CI vs Dev Mode¶
FixtureForge has two modes of operation designed for different stages of the development lifecycle.
Dev Mode (default)¶
- Uses AI for semantic fields
- Realistic, context-aware output
- Slightly slower (AI latency ~1-2s per batch)
- Ideal for: writing new tests, exploring edge cases, seeding dev databases
CI Mode¶
- Zero network calls
- Faker + structural generators only
- Same seed = identical output on every machine, every run
- Ideal for: test pipelines, snapshot tests, reproducible bugs
Use seed= in CI
Set seed= from an environment variable so you can override it locally
without changing code:
Seed Determinism¶
The seed= parameter controls:
- Faker —
faker.seed_instance(seed)(instance-level, no global state pollution) - Random —
random.Random(seed)per Forge instance (fully isolated)

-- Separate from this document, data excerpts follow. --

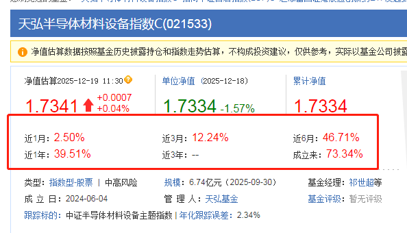 $天弘半导体材料设备指数C(OTCFUND|021533)$今天半导体科技及其设备还在磨盘中,午盘已经翻红了,基本初步形成阶段小双底形态,量能也接近阶段地量,虽然仍可能会有反复,需要等待一些时间,但向下调整的空间有限。所以如果昨天没加仓的话今天可以加点了,说不定下周就有肉吃了,这只基金业绩也是可以的,涨幅居前,近6个月上涨46.71%,还不错呢,继续拿住就是了。
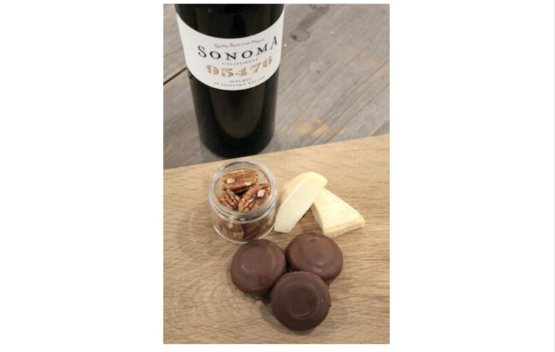 S’mores go with anything, especially a Petit Blue and a Pickberry, a rich and full-bodied wine. The Petite Blue is best described as a cross between a brie and a blue cheese, a mold-ripened triple crème cheese. Pickberry is the name of a vineyard near Glen Ellen in Sonoma, and the wine is typically a blend of reds like merlot, cabernet sauvingon, cabernet franc and petite verdot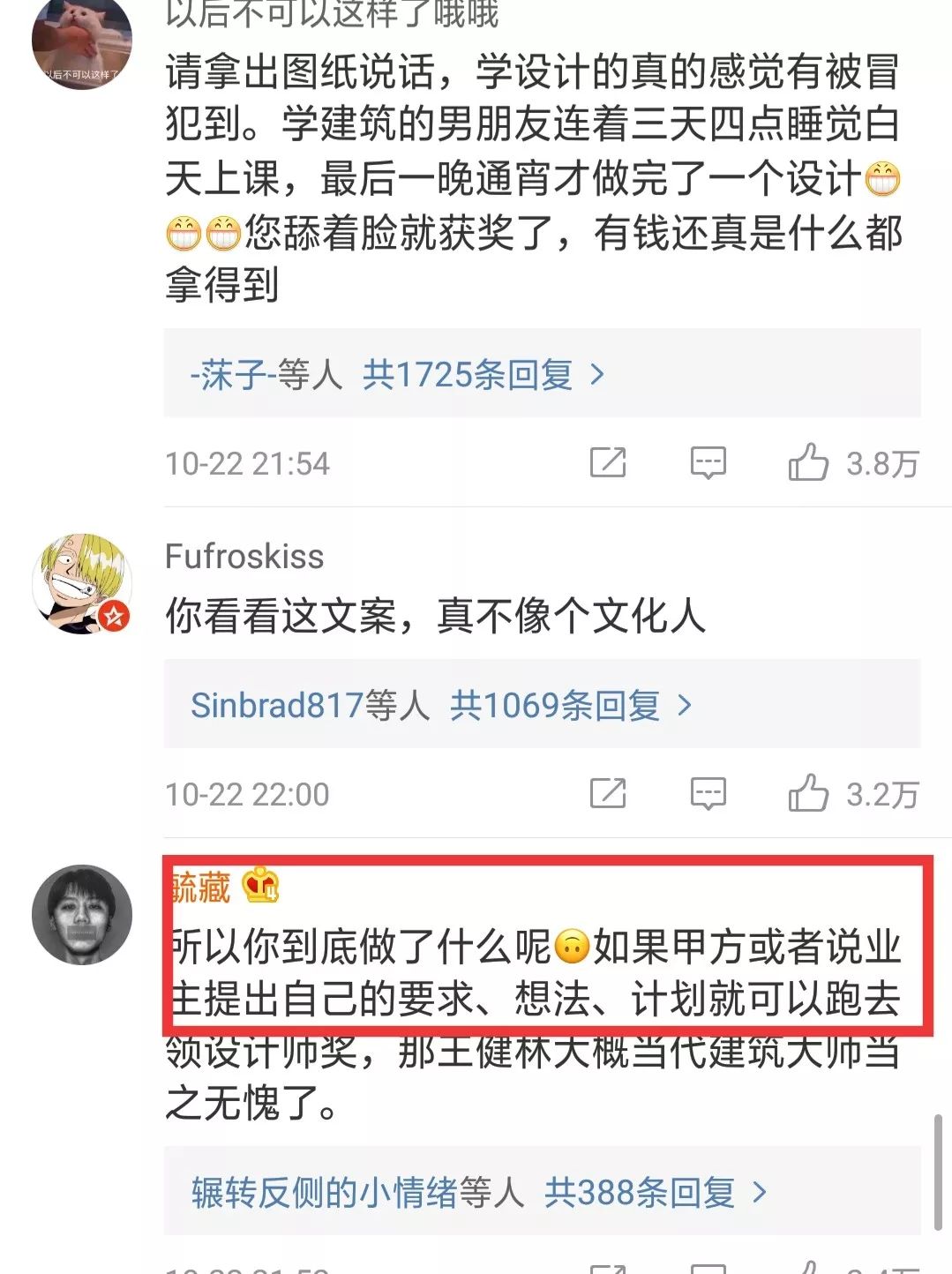 其实作为该奖有专业人士表示可以有甲方出面领奖,但在其他建筑大奖里似乎没有甲方出面领奖的先例,这个奖不乏有点水,在媒体通稿里不发设计团队的名字着实是对设计师的不尊重。

Two Forge(seed=42) instances produce identical data without interfering with each other.
forge_a = Forge(use_ai=False, seed=42)
forge_b = Forge(use_ai=False, seed=42)
users_a = forge_a.create_batch(User, count=5)
users_b = forge_b.create_batch(User, count=5)
assert users_a == users_b # always True
Large Datasets¶
For very large datasets where AI cost would be prohibitive:
# seed_ratio=0.01 means AI generates 1% of records,
# the rest are interpolated deterministically
forge.create_large(Order, count=100_000, seed_ratio=0.01)
# Cost: ~1,000 AI records. Delivered: 100,000 records.
Streaming Mode¶
For datasets too large to hold in memory:
for record in forge.create_stream(User, count=1_000_000, filename="users.json"):
pass # process one record at a time — never loads all into RAM
Supports .json, .csv, .sql output formats.